Britain – a nation of the dispossessed #FundOurNHS

shelly

Capitalism is an economic system based upon private ownership of the means of production and their operation for profit.

Privatising our NHS and all our other once public services is not capitalism, it’s colonialism in disguise, the theft of something we have already built, paid for and run for 70 years, and renting it back to us for profit. Vulture capitalism is a misnomer, but it gives the general idea of parasitical market forces on a feeding frenzy. We still pay for it all, but those services no longer exists to serve our interests. The first order of business is to serve the companies interests, which is profit.

It is much the same as if I sold the house you’d paid for over your lifetime, without your permission, and may even have built yourself, and then renting back to you what was once entirely yours, leaving you ever poorer with nothing but a living space that you have no control over any more, a tenancy I can end and rent to someone else at any time, leaving you homeless and destitute, for which I then lay the blame and the cost entirely on you.

Since 2010, the Conservatives have turned us from a nation of owners of our national services and assets, into a nation of the dispossessed.

We have gone from security to precarity and, naturally, those most affected are those who were already living the most precarious lives.

Where once I could access the NHS confident that it was there to serve my interests and help me at a time of need, that confidence has been ripped away from me and I am dependent on the whim of private companies whose first interests are not my interests and which have no mandate to serve my interests and for which I have no access to holding them to account.

Look at Britain today, we are a nation in which millions of people are being driven into beggary, the most visible sign of which is the ever increasing numbers of homeless people, but that is just the tip of an enormous iceberg which more and more people are colliding with and sinking every day.
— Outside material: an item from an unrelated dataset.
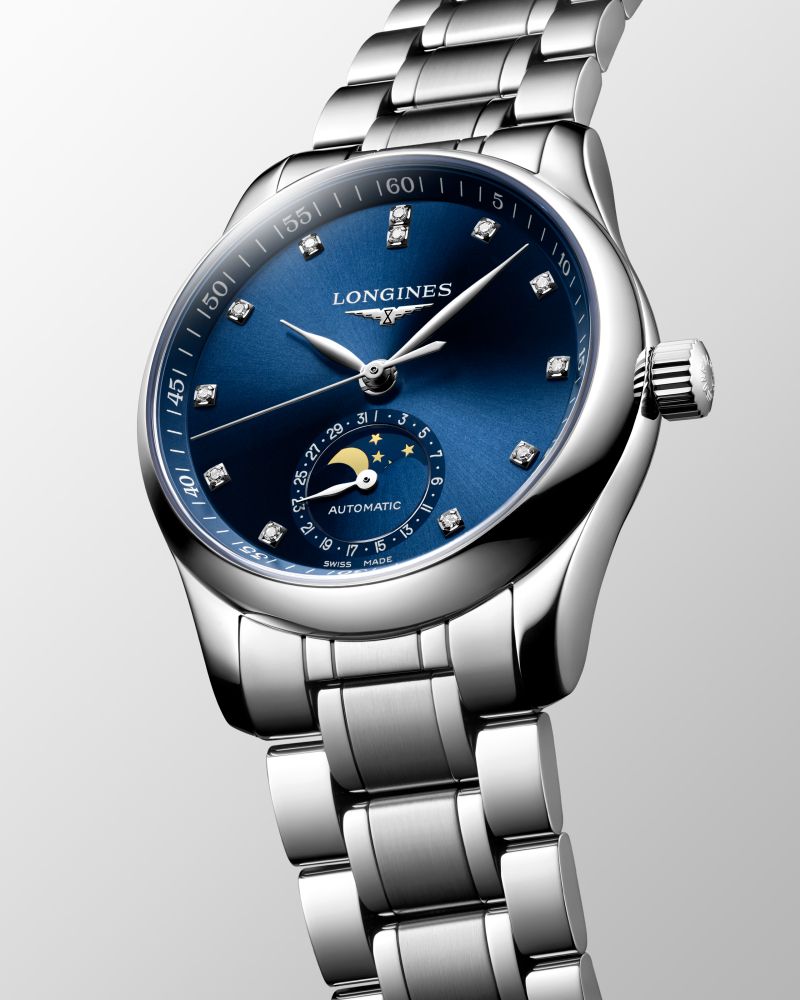 Bộ máy Longines Caliber L899 chuyển động cơ học tự động lên dây cót tốc độ 25'200 rung động mỗi giờ, dự trữ năng lượng lên đến 72 giờ. Mặt số đính 12 viên kim cương Top Wesselton VS-SI diamonds, tổng số 0.055 carats.

Britain is being run for private profit and public risk. The fall of Carillion is a case in point: “Outsourcing and privatisation doesn’t transfer risk to a company. Instead, it transfers any profits or savings made (coming from general taxation) to shareholders and leaves taxpayers exposed and vulnerable towards all the risks and failures; because if they fail the government bails them out. Privatisation simply means no accountability for public money.” In short, it is daylight robbery.

And who is responsible for this daylight robbery? The government. A government which insists that we must work harder, in ever more precarious employment, with ever shrinking social safety nets, so that we can pay more to thieves.

Today there are demonstrations taking place across the country protesting against the privatisation of our NHS and demanding redress from those who are robbing us.

We’re being mugged and those mugging us not only have the audacity to blame us for their crimes, they heap shame and contempt upon us, laughing at our distress and the lives it costs every day.

This is not democracy, it is tyranny, but every day draws us closer to an accounting, the lies cannot last forever and, after 8 years, the government is in chaos, their protestations of innocence grow ever more facile, parroting dogma that has lost all meaning. Democracy and power do belong to the people, and although motivating tens of millions of people is slow work, the core message remains, which the poet Shelly wrote in ‘The Masque of Anarchy’, which was banned for 30 years:

“Rise like Lions after slumber, In unvanquishable number, Shake your chains to earth like dew, Which in sleep had fallen on you – Ye are many – they are few.”

In the face of government tyranny and disaster, never, ever, give up, because surrender is ruin. If we fear to die, then we should not fear to live and fight those who would so casually take our lives from us. It is not just about my life as an individual, it is about the lives of those who will follow after, those not even born yet and, like Shelly, what message and what world we leave them.

KOG. 03 February 2018

https://www.reuters.com/article/us-britain-food-poverty/drama-about-growing-hunger-in-britain-prompts-call-for-action-idUSKBN1CF2SD

https://www.theguardian.com/society/2017/jan/25/number-of-rough-sleepers-in-england-rises-for-sixth-successive-year

Carillion: Public Risk, Private Profit By Kelly Grehan

http://peterloomassacre.org/shelley.html

4 thoughts on “Britain – a nation of the dispossessed #FundOurNHS

  1. “Privatising our NHS and all our other once public services is not capitalism, it’s colonialism in disguise, the theft of something we have already built, paid for and run for 70 years, and renting it back to us for profit.”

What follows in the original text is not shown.